1. A group of electrode plates, an electrolyte, and a battery case containing the group of electrode plates and the electrolyte, It is equipped with, The electrode plate group includes a positive electrode plate, a negative electrode plate, and a separator interposed between the positive electrode plate and the negative electrode plate. The positive electrode plate includes a positive electrode material and a positive electrode current collector. The negative electrode plate includes a negative electrode material and a negative electrode current collector. The separator is a nonwoven fabric containing inorganic fibers. The surface area of ​​the separator is 0.2 m³ per unit volume of the space in which the separator is housed within the battery case. 2 / cm 3 ~0.6m 2 / cm 3 And, The Ca content in the positive electrode current collector is 0.04% by mass or less. The negative electrode material contains an organic shrinkage inhibitor. A lead-acid battery in which the sulfur element content in the organic shrinkage inhibitor is 3000 μmol / g to 9000 μmol / g.
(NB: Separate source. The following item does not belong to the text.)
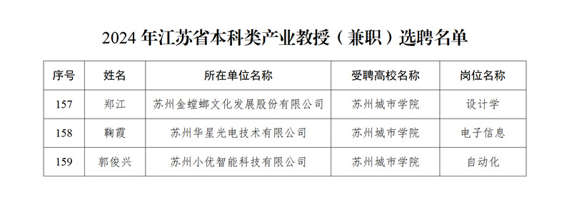 近日,江苏省教育厅等四部门发布《关于公布2024年江苏省产业教授(兼职)选聘名单的通知》,我校推荐申报的苏州金螳螂文化发展股份有限公司郑江、苏州华星光电技术有限公司鞠霞、苏州小优智能科技有限公司郭俊兴等3位兼职教师获批江苏省本科类产业教授。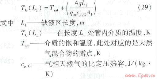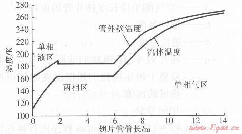 <0.05,說明假設(shè)的管內(nèi)壁溫度Tn正確,即可以進(jìn)行下一步長(zhǎng)的計(jì)算。 取空氣溫度為l0℃,步長(zhǎng)(進(jìn)行一次計(jì)算所取的管道長(zhǎng)度)L=0.1 m,同時(shí)根據(jù)LNG達(dá)到泡點(diǎn)(163.7 K)時(shí)代表單相液區(qū)結(jié)束、天然氣溫度處于露點(diǎn)(211.2 K)與263 K之問時(shí)為單相氣區(qū),也可以計(jì)算出單相液區(qū)和單相氣區(qū)的長(zhǎng)度。

2. The lead-acid battery according to claim 1, wherein the organic shrinkage inhibitor is a condensate of a bisphenol compound.

3. The surface area of ​​the separator is 0.3 m³ per unit volume of the space in which the separator is housed within the battery case. 2 / cm 3 ~0.6m 2 / cm 3 The lead-acid battery according to claim 1.

4. The lead-acid battery according to any one of claims 1 to 3, wherein the sulfur element content in the organic shrinkage inhibitor is 5,000 μmol / g to 9,000 μmol / g.